1.1 These General Conditions of Sale are an integral and essential part of the offer (“Offer”) sent to the Client by MENEGHETTI MOBILI S.R.L. (“MENEGHETTI”). The agreement is deemed concluded at the moment in which MENEGHETTI learns of the Client’s integral acceptance, to be made without any modification whatsoever of the Offer (“Acceptance”).The Client undertakes to provide MENEGHETTI with all the complete, correct and true fiscal and legal data of the Client, as well as to immediately notify its Acceptance to MENEGHETTI. It is hereby understood that, should the Client send to MENEGHETTI any request to modify the Offer, said request shall be deemed as a new offer and therefore subject, in any case, to the prior written acceptance by MENEGHETTI.
1.2 Under no circumstances will general conditions of any nature whatsoever, included in orders and/or in other documents sent by the Client or by third parties, be held as applicable, unless expressly accepted in writing by MENEGHETTI. The Agreement replaces any other commitment, agreement or understanding, whether oral or written, previously made between MENEGHETTI and the Client.

2.(Terms of delivery)

2.1 The terms of delivery (“Terms of Delivery”) are those indicated and/or referred to in the Offer and they start from the date in which MENEGHETTI learns of the Client’s Acceptance as per article 1.1, without prejudice of article 2.3. Under no circumstances the Terms of Delivery can be considered as of essence. Under no circumstances will possible delays by MENEGHETTI in delivering the products entitle the Client to damages, nor give to the Client a termination right and/or a cancellation right and/or non-acceptance of the product.
2.2 In case of delays in the delivery determined by a fortuitous event, force majeure and/or by other causes which cannot be ascribed to MENEGHETTI’s fraud and/or to MENEGHETTI’s gross negligence, the Client will not be entitled to compensation and/or damages, nor will the Client have a termination right, nor will the Client have the right to a price reduction with reference to the delivered products. Force majeure shall be interpreted as including, but not limited to, strikes, union agitation, lock outs, fire, prevented or delayed navigation due to negative air/sea/river conditions, electricity breakdown, short supply or absence of raw materials, delay in the delivery by the suppliers, regulation or other governmental order(s), earthquakes or other disasters of the elements, wars, embargoes, war or insurrection or any other cause beyond MENEGHETTI’s reasonable control.
2.3 When the sale of the products implies the prior transmission by the Client of specific data and information, any possible delay in said transmission with reference to the agreed terms will determine, at least, a proportional postponement of the Terms of Delivery. In any case, unless expressly otherwise agreed in writing, if, during the performance of the Agreement the Client requires in writing any technical modification of the products, on MENEGHETTI’s approval, the relevant Term of Delivery will be deemed as automatically extended for the period reasonably needed to accomplish the requested modifications, even if said modifications do not imply a price change.

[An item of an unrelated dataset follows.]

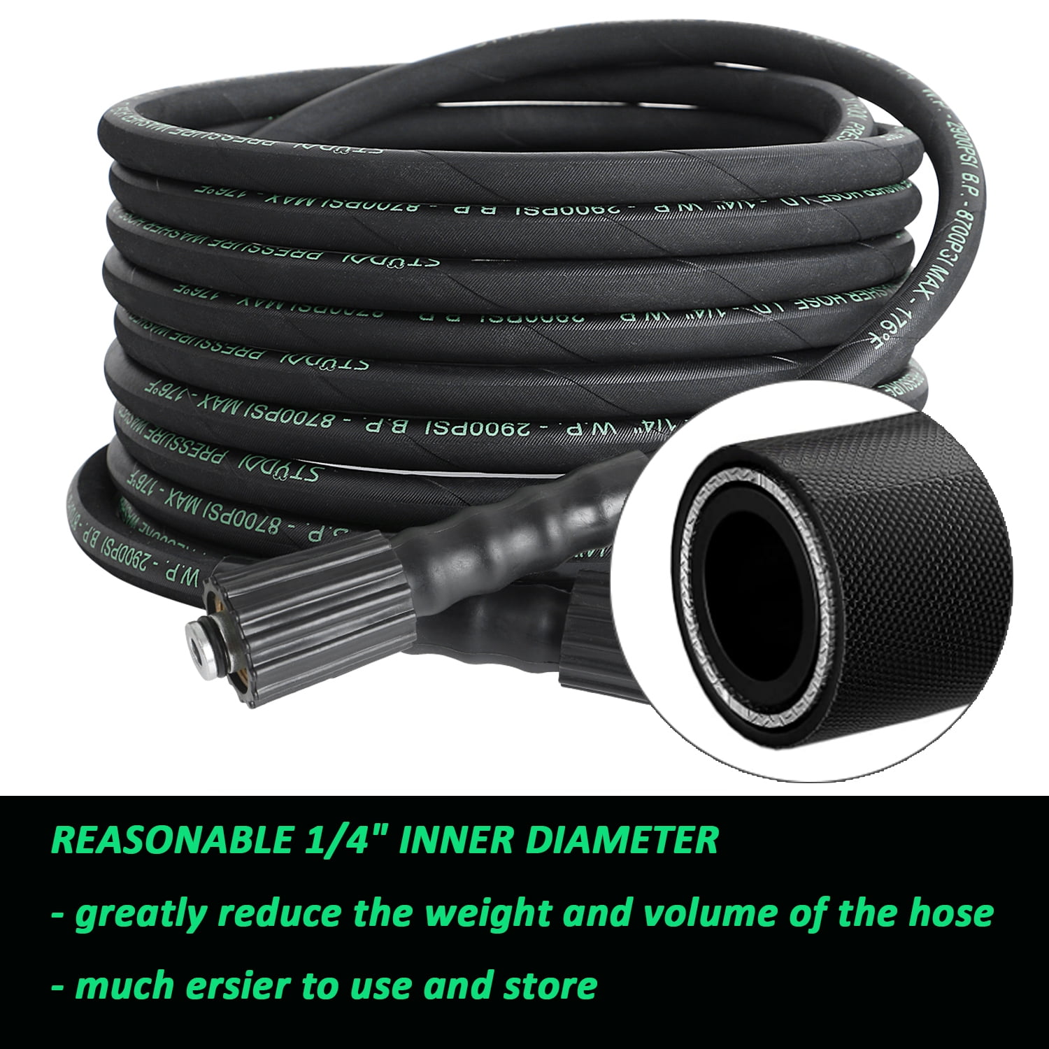 COMPATIBLE WITH SUN JOE PRESSURE WASHER PART NUMBERS – Work for SPX-25H, SPX-25HD, SPX3000-33 | DOES NOT FIT SPX 1500 or 1501 pressure washer models WORKS WITH HOT WATER UP TO 212°F – This pressure washer hose is designed for hot and cold water, being capable of temperatures up to 212°F. Hot water is more effective than cold water at tackling grease, oils and stubborn stains. This feature makes the hose an effective and solid choice for household & commercial pressure washing during all seasons. ENTIRE RUBBER CONSTRUCTION WITH A LAYER OF STEEL-WIRE BRAID IN THE MIDDLE – This upgraded pressure washer hose is made from high-tensile braided steel wrapped in rubber for the ultimate durability. It is solid while also flexible. The combination of high-quality materials and high-tech craftsmanship brings excellent oil resistance, aging resistance, abrasion resistance, and heat resistance. 50 FEET IN LENGTH AND 1/4 INCH IN DIAMETER – This pressure washer hose is 25 feet long and can withstand a maximum pressure of 2900psi, which is strong enough to effectively meeting most cleaning tasks. The inner diameter of the hose is 1/4 inch, providing you with smooth water flow. UNIVERSAL M22-15MM THREAD AND A COUPLER FOR EXTENSION – This hose features with standard double M22-15mm female thread, and it can be easily and quickly connected to most high pressure washers and guns. It also comes with a brass M22-15mm adapter for hose extension. KINK RESISTANT POWER WASHER HOSE – This heavy-duty pressure washer hose is set out to avoid the frustration of kinks in the hose in the middle of washing. It is anti-kink and long-lasting, easy to carry, drag, roll up and store. Warm Tips: please roll the hose all the way out before first use, and then it will be easy to coil and uncoil for each use without kinking.

Unless otherwise agreed in the Agreement, the products are delivered EX Works (EXW, Incoterms ® 2010) – MENEGHETTI’s administrative office in 36061 Bassano del Grappa (Vicenza, Italy), Via Rambolina, 5. When otherwise agreed, the Client undertakes to collect the product within and no later than the agreed term. In case of delay in the products’ collecting, the Client will bear all the expenses related to the storage in the warehouses of MENEGHETTI or of third subjects and of the products’ safekeeping as well, it being understood that the Client will bear the risk of damage, perishing, loss and/or theft of the same products as from the initial term of collecting as agreed.The Client declares and recognizes that the storage and/or custody of the products in the warehouses of MENEGHETTI are accomplished in places and/or in conditions which are suitable for the perfect conservation of the same products; the Client therefore waives to raise any plea or counterclaim to such a purpose.

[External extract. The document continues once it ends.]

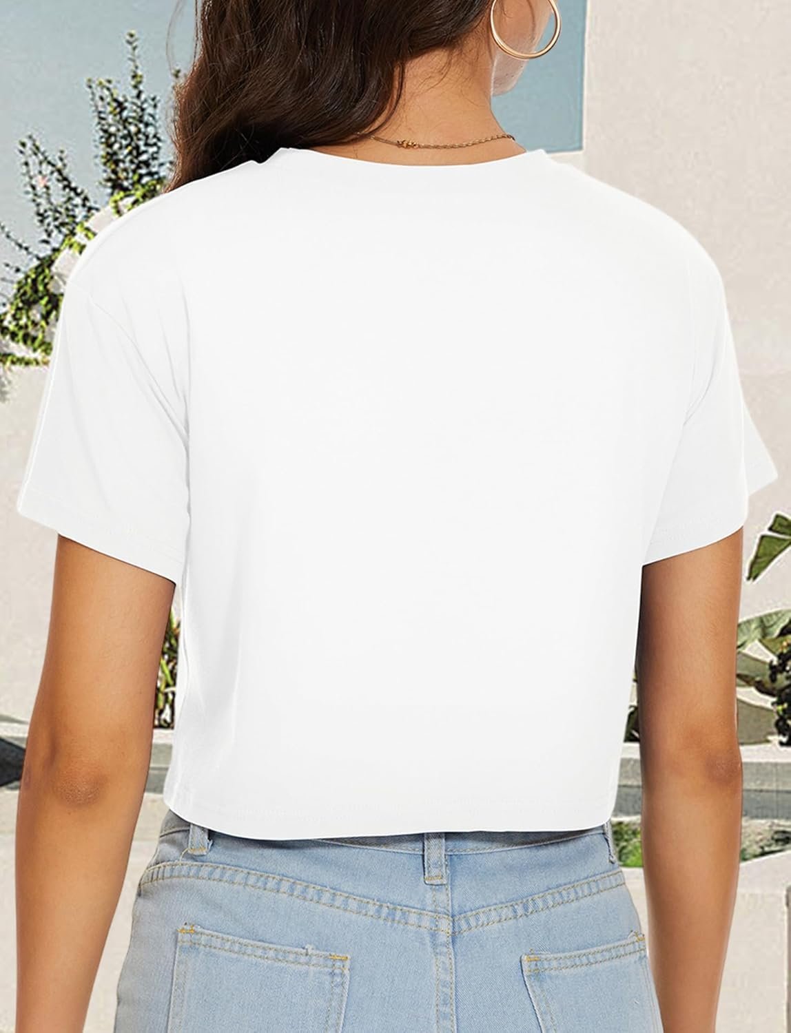 Summer Crop Tops for Women Short Sleeve Round Neck T-shirts

4.1 The currency’s price is specified in the Offer; lacking said specification, the price is deemed to be fixed in EUR currency.
4.2 (Hardship). If, after the formation of the Agreement under art. 1.1, an extraordinary or unforeseeable event takes place, so that MENEGHETTI’s performance becomes excessively onerous pursuant to Article 1467 of the Italian Civil Code, the Client and MENEGHETTI shall renegotiate in good faith the terms and conditions of the present General Conditions of Sale, without prejudice to MENEGHETTI’s termination right pursuant to Article 1467, par. 1, of the Italian Civil Code.
4.3 Without prejudice of above article 4.2, it is hereby understood that, when the raw materials cost and/or the labour cost increase in the space of time between the formation of the Agreement and the Delivery, MENEGHETTI is entitled to increase the agreed price. The amount corresponding to the price increase will be charged to the Client by issuing an invoice to be paid by bank wire 30 days after the invoice date.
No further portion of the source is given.